Reputation: 81
I have asked a similar question but no response. So I try it again,
I am reading a paper which suggest to add some value which is calculated outside of Tensorflow into the loss function of a neural network model in Tensorflow. i show you the quote here (I have blurred the not important part):
How do I add a precalculated value to the loss function when fitting a sequential Model in Tensorflow? The Loss function used is BinaryCrossentropy, you can see it in the equation (4) in the paper quote. And the value added is shown in the quote but it is not important for the question i think.
It is also not important how my model looks like, i just want to add a constant value to my loss function in tensorflow when fitting my model.
Thank you very much!!
Upvotes: 1
Views: 1529
Reputation: 629
It seems that you want to be able to define your own loss. Also, I am not sure whether you use actual Tensorflow or Keras. Here is a solution with Keras:
import tensorflow.keras.backend as K
def my_custom_loss(precomputed_value):
def loss(y_true, y_pred):
return K.binary_crossentropy(y_true, y_pred) + precomputed_value
return loss
my_model = Sequential()
my_model.add(...)
# Add any layer there
my_model.compile(loss=my_custom_loss(42))
Inspired from https://towardsdatascience.com/advanced-keras-constructing-complex-custom-losses-and-metrics-c07ca130a618
EDIT: The answer was only for adding a constant term, but I realize that the term suggested in the paper is not constant.
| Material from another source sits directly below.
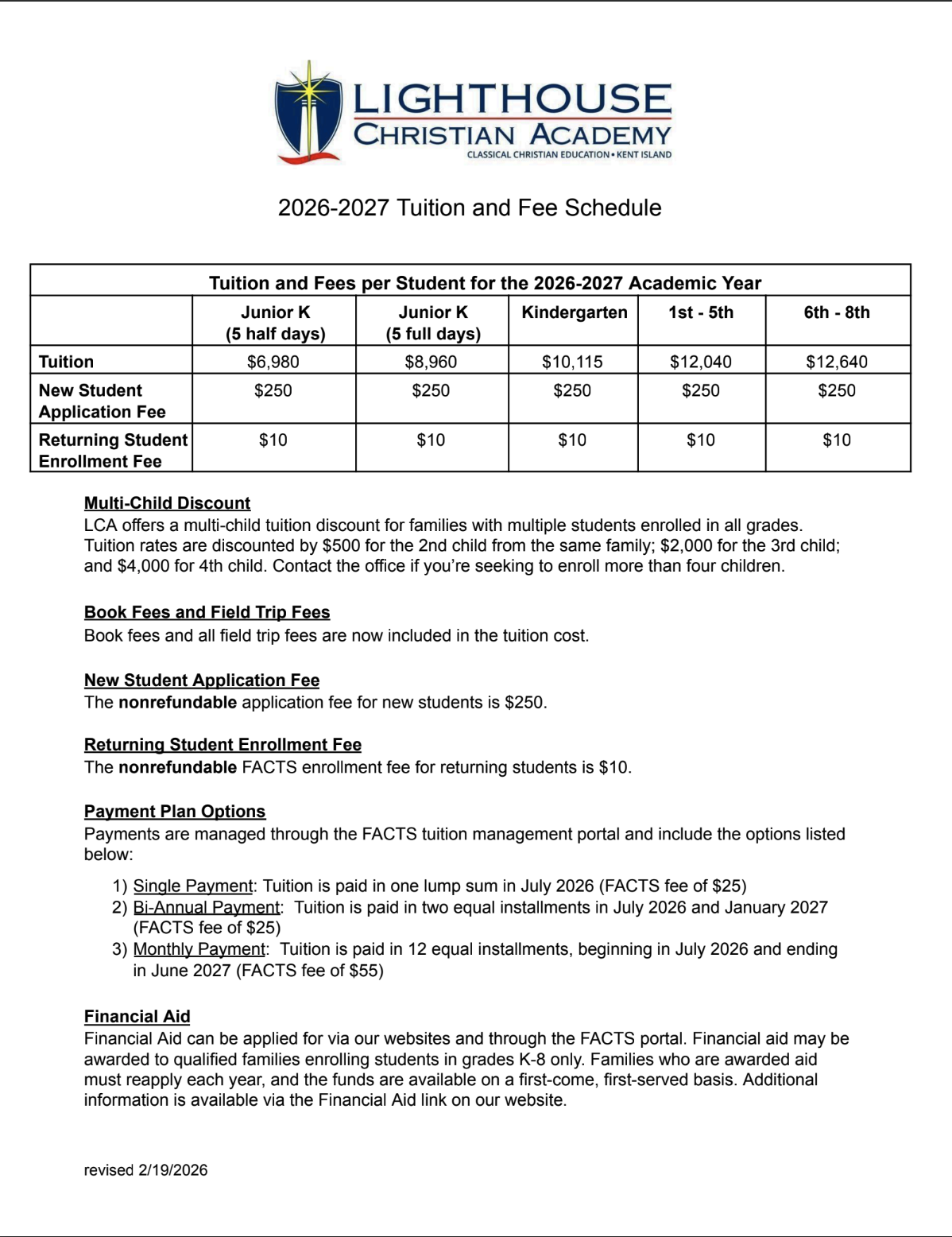 The request for tuition assistance for new students is a separate process from the admission process and does not affect one’s application for admission. Once families have completed the application for Admission into LCA, they may begin the Financial Aid application process.

I haven't read the paper, but I suppose from the cross-entropy definition that sigma is the ground truth and p is the predicted value. If there are no other dependency, the solution can even be simpler:
def my_custom_loss(y_pred, y_true):
norm_term = K.square( K.mean(y_true) - K.mean(y_pred) )
return K.binary_crossentropy(y_true, y_pred) + norm_term
# ...
my_model.compile(loss=my_custom_loss)
Here, I assumed the expectations are only computed on each batch. Tell me whether it is what you want. Otherwise, if you want to compute your statistics at a different scale, e.g. on the whole dataset after every epoch, you might need to use callbacks.
In that case, please give more precision on your problem, adding for instance a small example for y_pred
and y_true
, and the expected loss.
Upvotes: 2
Reputation: 1729
In the equation above as you can see, there can a chance when the outcome is very low i.e. the problem of vanishing gradient may occur.
In order to alleviate that, they are asking to add a constant value to the loss.
Now, you can a simple constant such 1, 10 or anything, or by something proportional to what they have said.
You can easily calculate the expectation from the ground truth for one part. The other part is the tricky one as you won't have values until you train and calculating them on the fly is not wise.
That term means how much difference between the ground truth and predictions will be there.
So, if you are going to implement this paper, then, add a constant value of 1 to your loss, so it doesn't vanish.